Mr. Bernhardt’s presumed rise to acting secretary echoes the events at the Environmental Protection Agency earlier this year. In July, Scott Pruitt, then head of the E.P.A., was forced to step down amid a series of ethics scandals. He was succeeded in an acting capacity by his deputy, Andrew Wheeler, a former coal lobbyist with a low professional profile but a deep knowledge of the agency he ran and the regulations on industry he sought to undo.
“I see a parallel to E.P.A.,” said Ms. Sgamma of the Western Energy Alliance. “The environmentalists wanted scalps. They got Pruitt’s scalp, but the policy didn’t change. I would expect the same thing to happen with Interior.”
Mr. Bernhardt, a lawyer and former Interior Department official in the George W. Bush administration, lacks the rugged outdoorsy image embraced by Mr. Zinke, a former Navy SEAL who drew praise from Mr. Trump for his out-of-central-casting style.
“Zinke is something of a cowboy, who often shoots from the hip and maybe speaks without knowing all the facts, and he needed a real professional who knows how the department works,” said Whit Fosburgh, the president of the Theodore Roosevelt Conservation Partnership, an advocacy group for hunters, fishers and others. “It’s been David’s job to actually put what Zinke says into policy.”
Environmental and government watchdog groups say that as Mr. Bernhard has enacted those policies, he has overseen proposals that could create profits for his former clients. Representative Raúl M. Grijalva, the Arizona Democrat who is expected to become chairman of the House Natural Resources Committee once Democrats return to the House as the majority party in January, has said he intends to look at Mr. Bernhardt’s activities within the agency.
“Mr. Bernhardt’s serious conflicts of interest are well known to us, and we’ll be scrutinizing his role in Interior Department decision-making whatever position he holds,” said Mr. Grijalva in an emailed statement.
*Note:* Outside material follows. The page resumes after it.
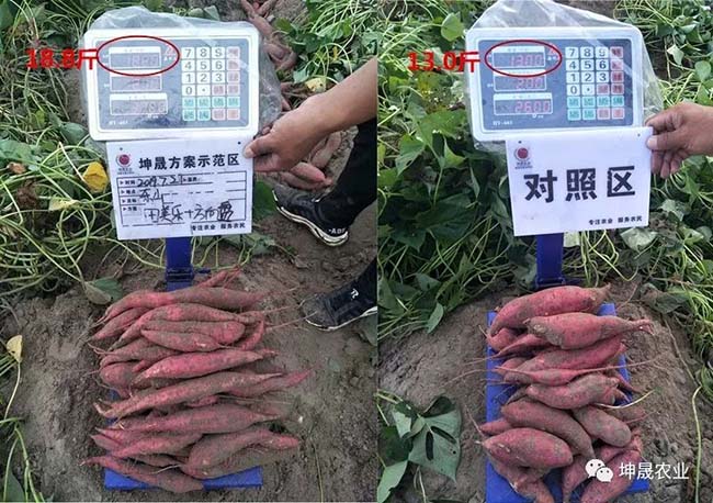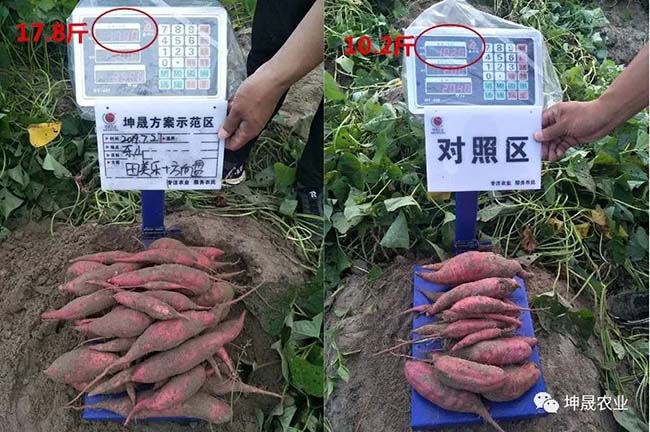 对照区地瓜条数明显较少,条形较差且大小不均匀,两堆平均重量为12.67斤。

The energy industry has benefited from policies Mr. Bernhardt has shepherded. The agency has opened up the East Coast to offshore oil and gas drilling for the first time, loosened the standards of the Endangered Species Act, weakened safety regulations for offshore drilling equipment and reduced the boundaries of national monuments to open the land to mining and drilling.